NJ Gov., Lawmakers Move Toward Updated Clean Energy Goals

New Jersey officials are moving to overhaul the clean energy strategy that steered the state to becoming one of the most aggressive carbon reducers in the nation, with a year-long revamp of its Energy Master Plan in the works and a legislative initiative to mandate zero emissions by 2035.

The new plans emerged in a flurry of activity over the last two weeks, including the abrupt cancellation of stakeholder hearings aimed at revising the state 2019 Energy Master Plan. Some stakeholders said the effort is a necessary response to the maturation of the state’s clean energy sector and the massive support for clean energy in all states by the federal Inflation Reduction Act.

The push to retool comes after advancements stemming from the policies outlined in the last master plan, among them surging growth in solar generation, a new offshore wind sector and grid upgrades to handle the new power — and amid concerns about cost among business groups and Republicans.

The New Jersey Board of Public Utilities (BPU) initially planned to start a revamp of the master plan with stakeholder input solicited at public hearings scheduled for Jan. 26 and Feb. 16. But Gov. Phil Murphy cancelled the hearings on Jan. 20 when he announced his own plans for the development of a new Energy Master Plan, targeted for release in 2024.

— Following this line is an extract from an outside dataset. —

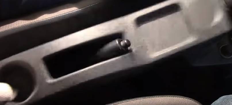 3. Поднимаем ручник вверх и сдергиваем консоль с защелок движением к крышке багажника.
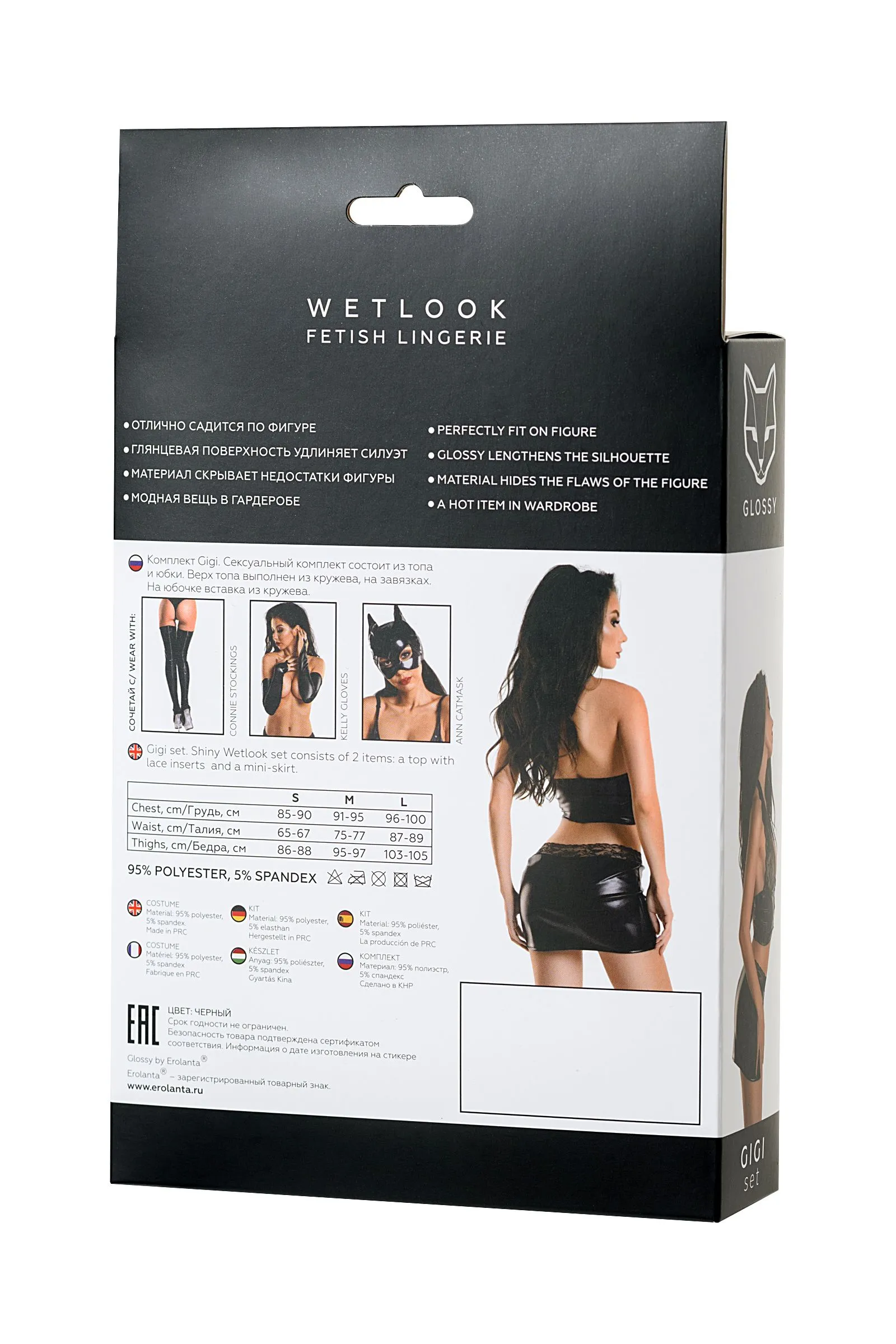 Новая коллекция белья из популярного материала Wetlook – Glossy. WETLOOK: Отлично садится по фигуре; Глянцевая поверхность визуально удлиняет силуэт; Плотный материал скроет мелкие недостатки фигуры; Модная вещь в сексуальном и базовом гардеробе. Комплект Gigi Сексуальный комплект из кружева и материала Wetlook. Верх топа выполнен из цветочного кружева, подчеркивая сексуальность декольте. Под кружевом вставка из материала Wetlook, имитирующая корсет на завяязках. На юбочке есть вставка из кружева, которая отлично дополняет образ.

In an apparently unrelated move, but one likely to have a big impact on the same terrain, Sen. Bob Smith on Jan. 27 released legislation that would reshape the state’s clean energy sector.

The bill, a substitute for an existing bill, S2978, would establish and implement a sweeping new clean electricity certificate program to cover all energy sources, replacing the certificates granted to individual sectors such as solar, wind and nuclear power. The bill would require electricity suppliers to purchase a certain number of certificates each year so that they account for 70% of their retail sales by 2026, 85% by 2030 and 100% by 2035.

Assessing State Progress

Both the Murphy master plan update and Smith proposal are “hugely important for how we expand clean, renewable energy in the state,” said Doug O’Malley, director of Environment New Jersey.

“So, it makes sense to kind of update the energy master plan based on the Inflation Reduction Act, and it makes sense to strengthen our state, clean, renewable energy targets.” He added that the state typically updates the master plan every five years, putting Murphy on that schedule.

In a release explaining his plan, Murphy said the state needs to not only “assess our progress to date, but renew our commitment to a clean energy economy while taking stock of the breadth of resources at our disposal.” The master plan sets a state goal of reaching 100% clean energy by 2050.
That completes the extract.